The specificity of the HMGCR antibodies previously used might impact on these controversies, and herein we have applied a novel and extensively validated anti-HMGCR monoclonal antibody. Thus, this study aimed to explore and clarify the association between statin use, HMGCR expression based on a novel antibody, and breast cancer prognosis.

Results

Statin use, HMGCR expression, and patient- and tumor characteristics

By the end of follow-up time for identification of incident breast cancers by the 31st of December 2010, a total of 1,016 breast cancers were diagnosed. After subtraction of patients diagnosed with cancer in situ, bilateral or distant metastatic breast cancer, 910 patients with invasive breast cancer were identified (Fig. 1 (figure as presented in the doctoral thesis of Olöf Bjarnadottir20). In 192 cases, tumor tissue was not available. The TMAs were thus constructed of biopsies from 718 patients, of which 61 were not possible to evaluate for HMGCR expression due to either inferior staining quality or lack of tumor tissue in the TMA core. In the end, 657 samples were available for annotation of HMGCR expression; 119 (18%) showed no expression, 354 (54%) weak expression, 169 (26%) moderate and 15 (2%) strong (Fig. 1 (figure as presented in doctoral thesis of Olöf Bjarnadottir20), Fig. S1).

Figure 1
figure 1

Flow chart showing the study population in the Malmö Diet and Cancer study. Dotted lines display reason for missing patients. Figure re-used from thesis of Olöf Bjarnadottir20.

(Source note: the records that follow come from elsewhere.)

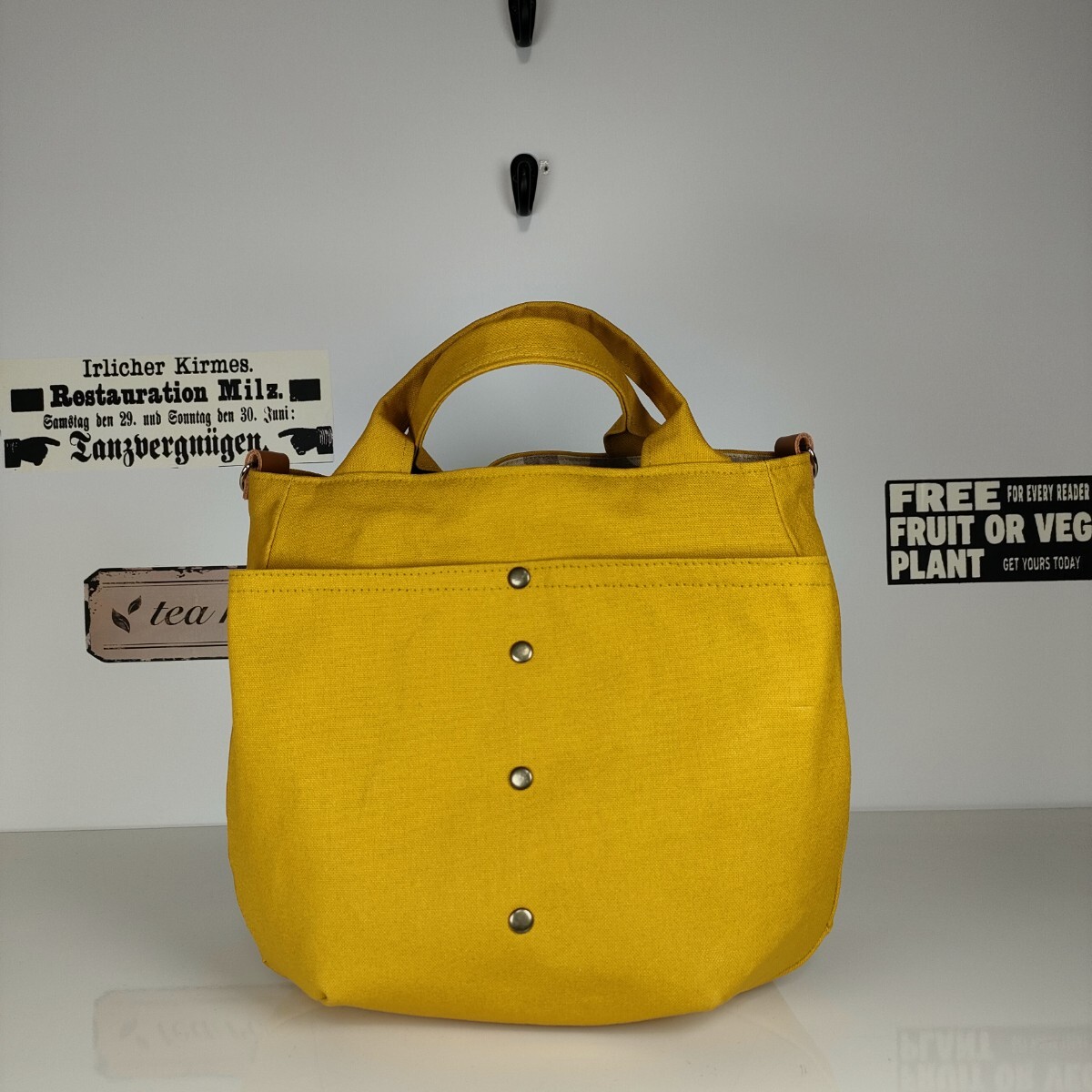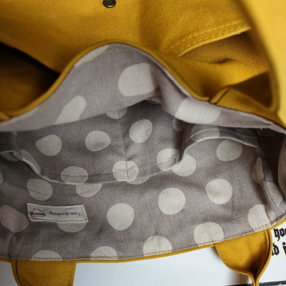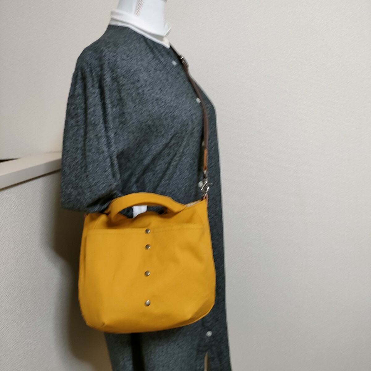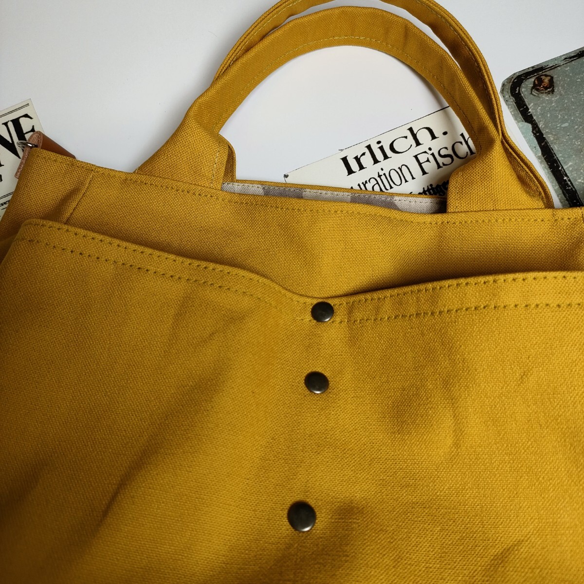 | 沢山の品の中から、ご覧いただきありがとうございます。 お店には売っていない、ハンドメイドの温かさをお届け出来ましたら幸いです。 マリーゴールドみたいな山吹色の11号帆布で、ぷっくりとしたバッグを作りました。コーデネイトの差し色になるような綺麗な山吹色です。 ♪サイズ 深さ・・・約22 横・・・ペタンと置いて入り口位置で29 マチ・・・9〜11 持ち手・・・26 ♪素材 表・・・11号帆布(コットン100)カシメ、Dカン、本革のタグ 内側・・・コットンリネンキャンバス しっかりとした帆布で、自立するバッグになっています。ダーツでぷっくりとした2部屋のポケットが、小物の収納に便利です。 Dカンをつけましたので、お手持ちの肩紐でショルダーや斜め掛けにもなります(画像の肩紐は出品していません) 内側は、水玉模様のコットンリネンキャンバスで。2部屋のポケットを付けました。 毎日の小物や、バッグを製作しています。 どうぞよろしくお願いいたします。 ★リネン、コットンは天然素材ならではのネップ、スラブ等ございます。 ★雨、汗、摩擦などで、色落ちする場合がございます。 ★生地の色、厚さに合わせなるべく糸を変えアイロンをこまめに掛けながら、職業用ミシンで丁寧に製作しています。 | |||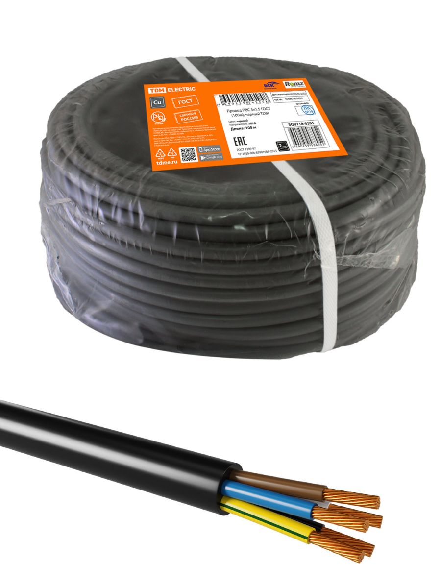 Читать все статьиПровод ПВС 5х1,5 ГОСТ (100м), черный TDM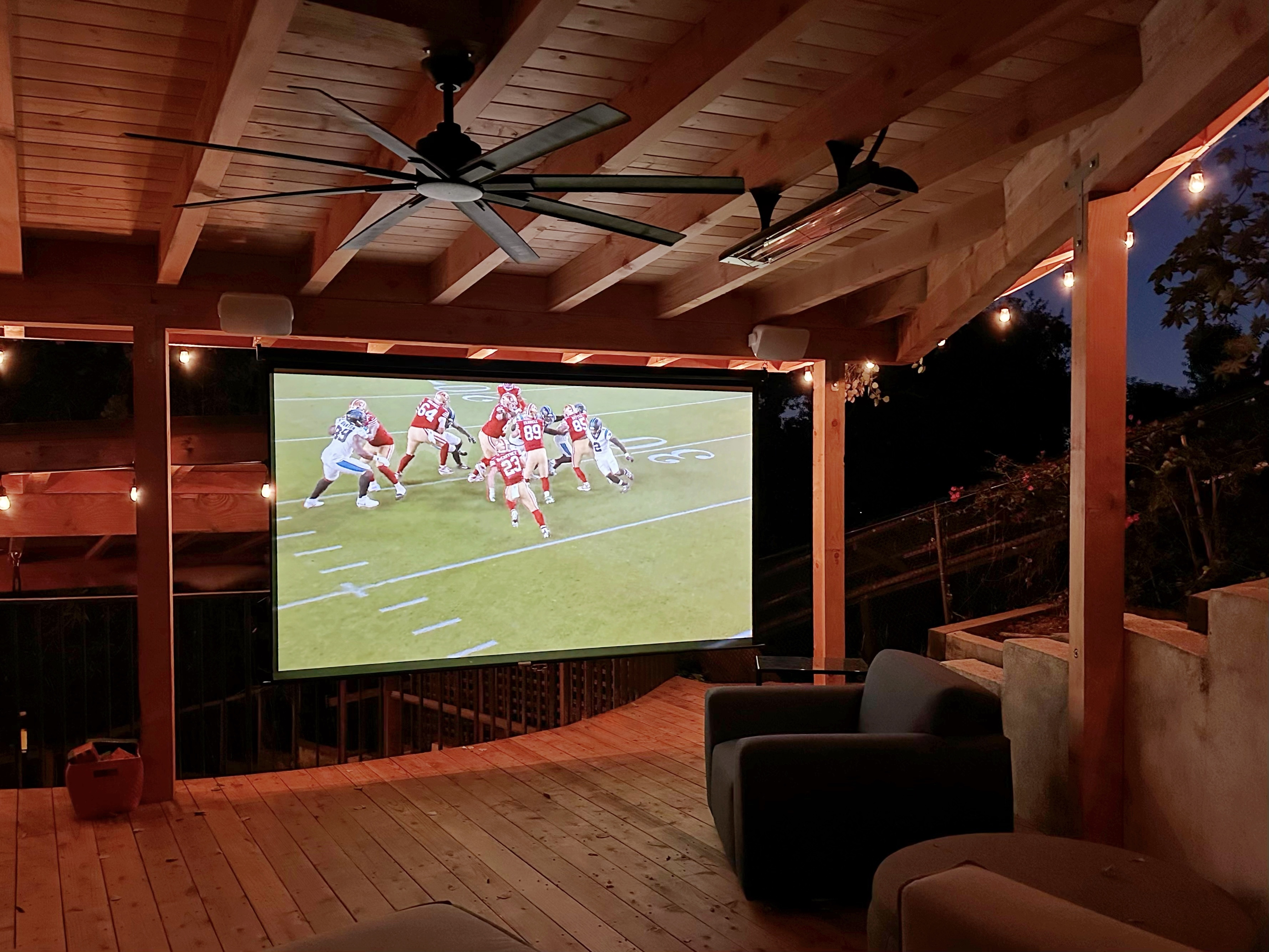 To bring his vision to life, we installed a complete outdoor entertainment system designed for performance and reliability. The setup features an Elite Screens outdoor projection screen paired with a BenQ projector, protected inside a DeerTV Medium Outdoor Weatherproof Projector Enclosure for long-term durability.

A total of 312 patients from the study population of 910 had been prescribed statins during the years 2005 through 2014. Hereof, 74 patients were prescribed statins before (pre-diagnostic statin) and 238 women after (post-diagnostic statin) the breast cancer diagnosis, whereas 598 women had not been prescribed statin. Table 1 shows patient and tumor characteristics according to statin use. The distributions in the four groups (pre-diagnostic statin, post-diagnostic statin, any statin and never statin) were similar regarding body mass index (BMI) at baseline, tumor size, lymph node, and ER status. Proportionally, more patients in the pre-diagnostic statin group were diagnosed with grade III tumors, high Ki67, and higher HMGCR expression compared to the post-diagnostic and never statin groups. In comparison to patients never receiving statins, the patients in any statin group had higher BMI at baseline, and their tumors were more often PR positive (P < 0.01 and P = 0.01, respectively).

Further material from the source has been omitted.